High School Physics
 

The driver of a car going 88.0 km/h suddenly sees the lights of a barrier 38.0 m ahead. It takes the driver 0.75 s to apply the brakes, and the average acceleration during braking is -10.0 m/s2.

He will hit the wall.

What is the maximum speed at which the car could be moving and not hit the barrier 38.0 m ahead? Assume that the acceleration doesn't change.

threve

...what?

57.

No...

Yes

The website rejected the answer. So, I guess not.

I hate WebAssign :(

wait does he hit the brakes with 38.0m to go or is 38.0m then he hits the brakes?

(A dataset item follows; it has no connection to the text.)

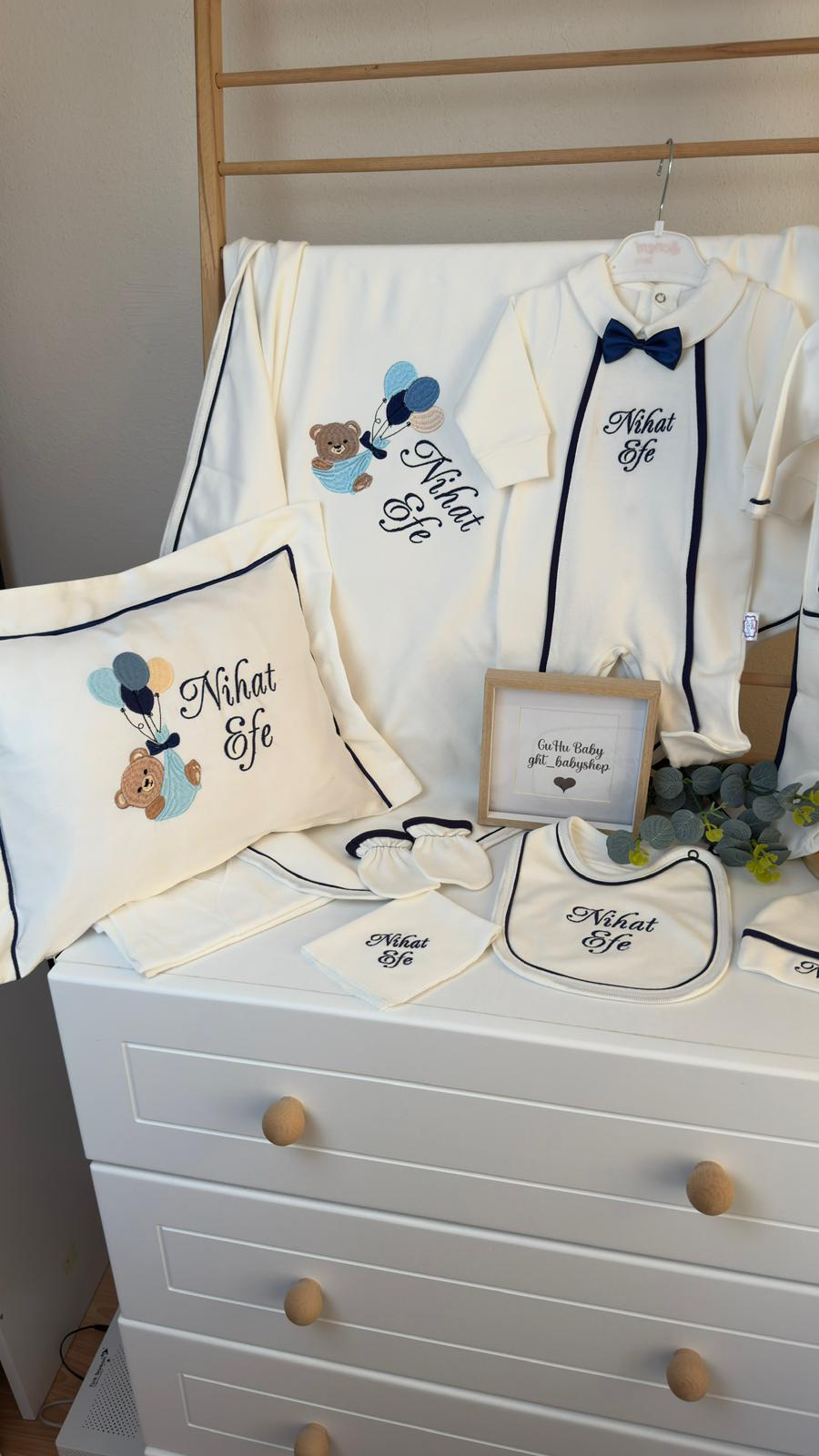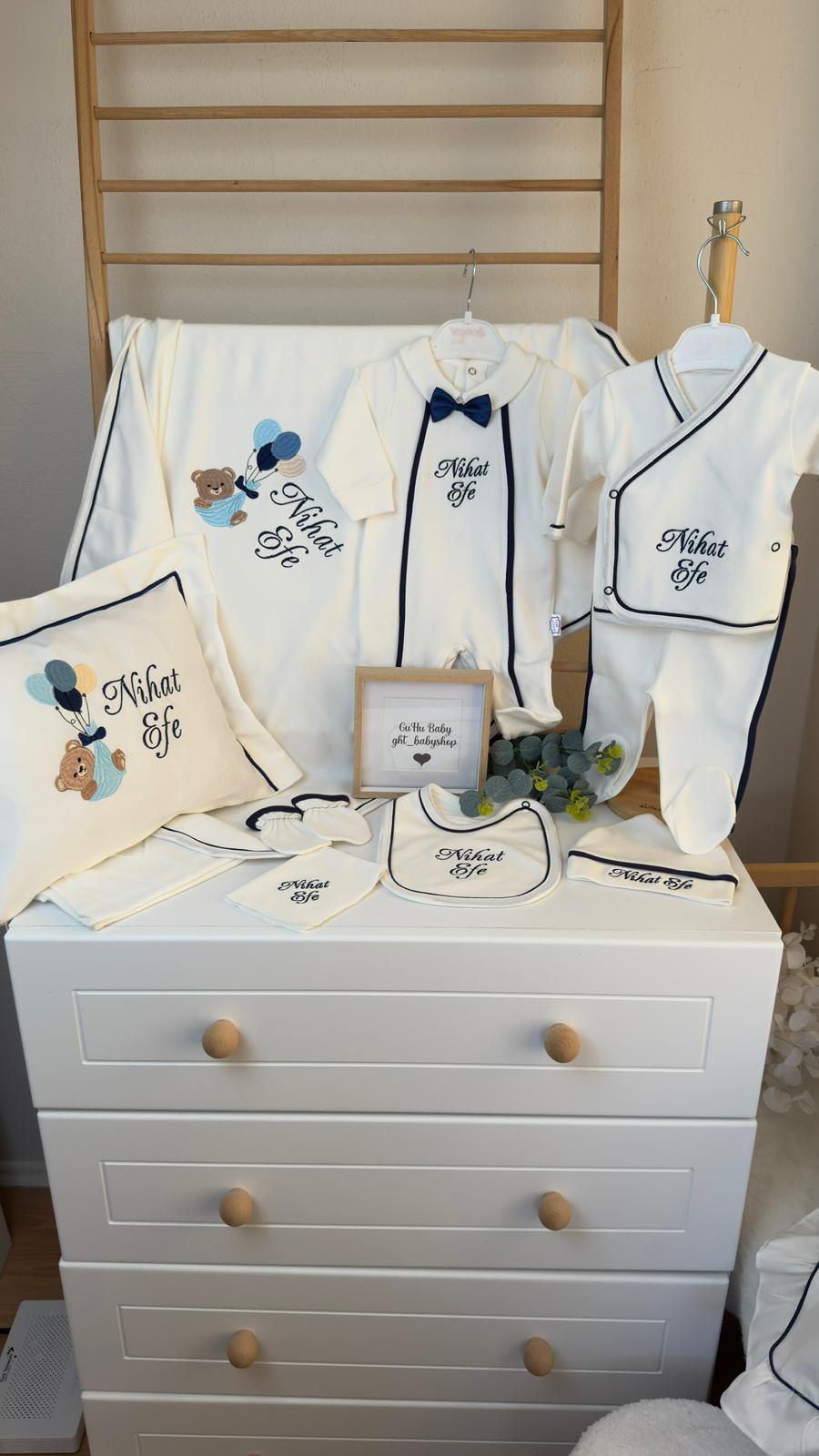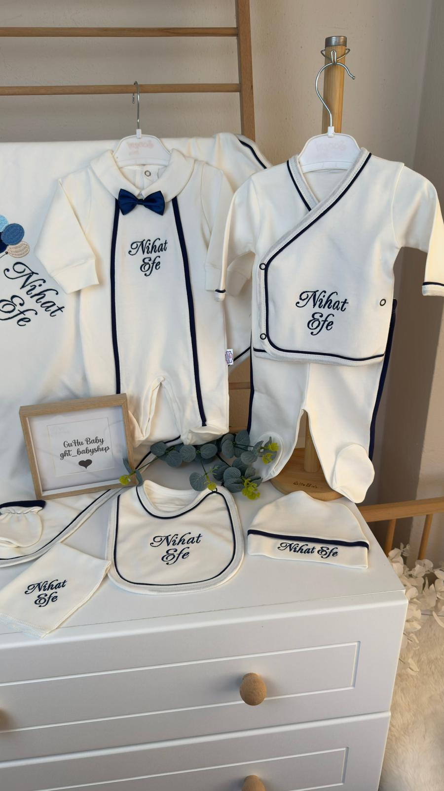 Hastane Çıkışı Seti, bebeğinizin ilk günlerinde ihtiyaç duyduğu parçaları bir araya getirir. Konforlu, şık ve kullanıma hazırdır.

When he sees the barrier he is 38m away, then .75 seconds later he actually applies the brakes.

- Justin

Ok try 58.

ok thought soo

Not that either... :(

59?

...are you just guessing?

idk tsar...I came up with 59.4km/h

Well the answers are being beamed down to me from the Space Station via the satellite, so the numbers come in a little bit distorted.

Just trying to help.

w00t

at least it didn't come in as 75 :lol:

No its okay, its just that I have a limited number of tries...

How many more do you have left?

59...

No, you lie.

wait i think i got it... the maximum speed he can be going and stop in time is 19.84 m/s or 71.4 km/h

try that i misunderstood the first time lol

using

d = (v)(t) + (1/2)(a)(t)^2


thats how i came up with my number . . .

v = 88 km/h = 24.4 m/s reaction = 0.75s distance before brakes = d = (24.4 m/s)(0.75)s d = 18.3m to hit brakes total 38.0m - 18.3m leaves 19.7m to stop

t = sqrt (d)(2)/(a) t = sqrt (19.7)(2)/(10) t = 1.98s to stop in time

maximum Velocity he can go using d = (v)(t) + (1/2)(a)(t)^2

19.7 = (v)(1.98s)+(0.5)(-10m/s^2)(1.98s)^2
19.7 = 1.98v - 19.602 39.302 = 1.98v v = 19.84 m/s

That's not correct.

how so?